DATA BLOCK START

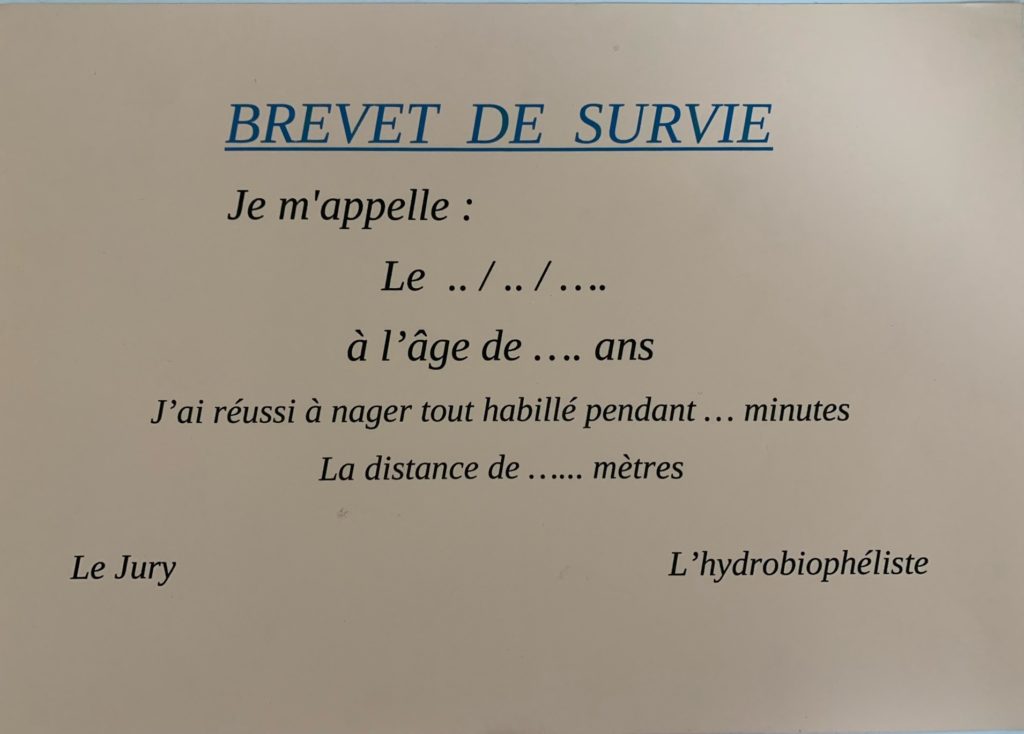 Le Brevet de survie peut être réalisé à tout moment, le but est de nager habillé pendant le temps que l'on peut et la distance que l'on peut.
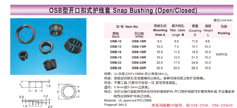 使粗劣的鐵孔變成圓滑的線孔.各種電線電纜作為保護和絕緣的用途.對于出線已裝配好而未加任何襯套保護時,開口型護線套可於事后再補裝(不必重新拆線)而達到保護線的功能.
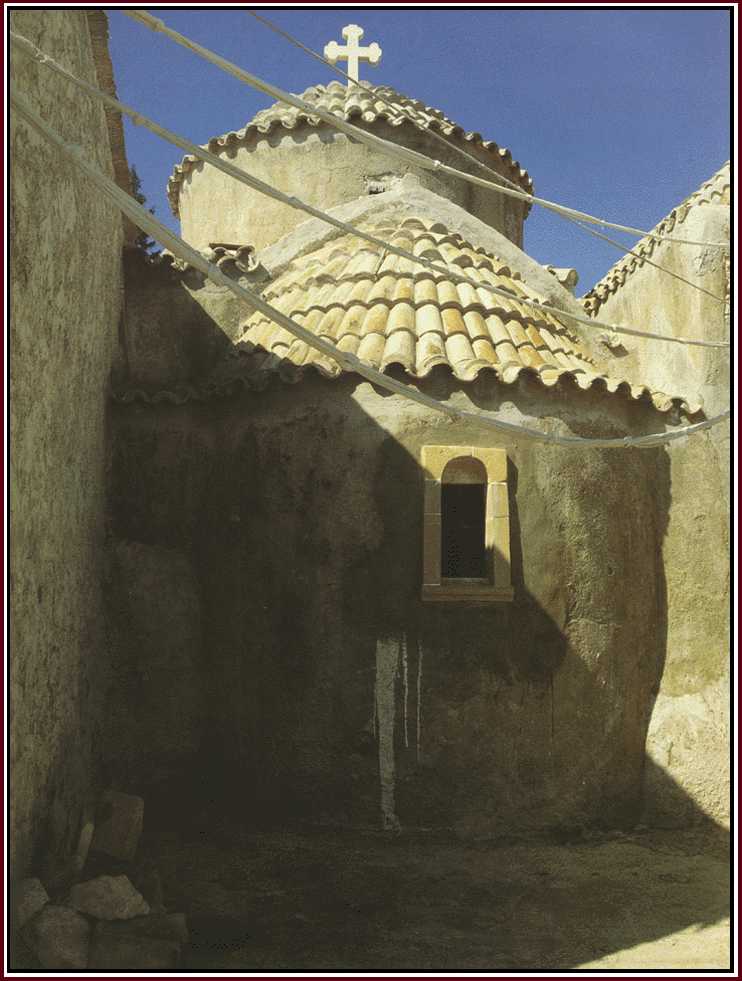 At the little Turkish village of Kivisili I came across the church of Panayia Eleousa girdled with strands of cotton thread in the customary manner in times of drought , when the villagers carry the icon of the virgin round the fields and pray for rain . |

DATA BLOCK END

EXERCISE DETAILS: Leave the pictures out and restate the listing word for word.

WRITTEN SOLUTION:
 Le Brevet de survie peut être réalisé à tout moment, le but est de nager habillé pendant le temps que l'on peut et la distance que l'on peut.
 使粗劣的鐵孔變成圓滑的線孔.各種電線電纜作為保護和絕緣的用途.對于出線已裝配好而未加任何襯套保護時,開口型護線套可於事后再補裝(不必重新拆線)而達到保護線的功能.
 At the little Turkish village of Kivisili I came across the church of Panayia Eleousa girdled with strands of cotton thread in the customary manner in times of drought , when the villagers carry the icon of the virgin round the fields and pray for rain . |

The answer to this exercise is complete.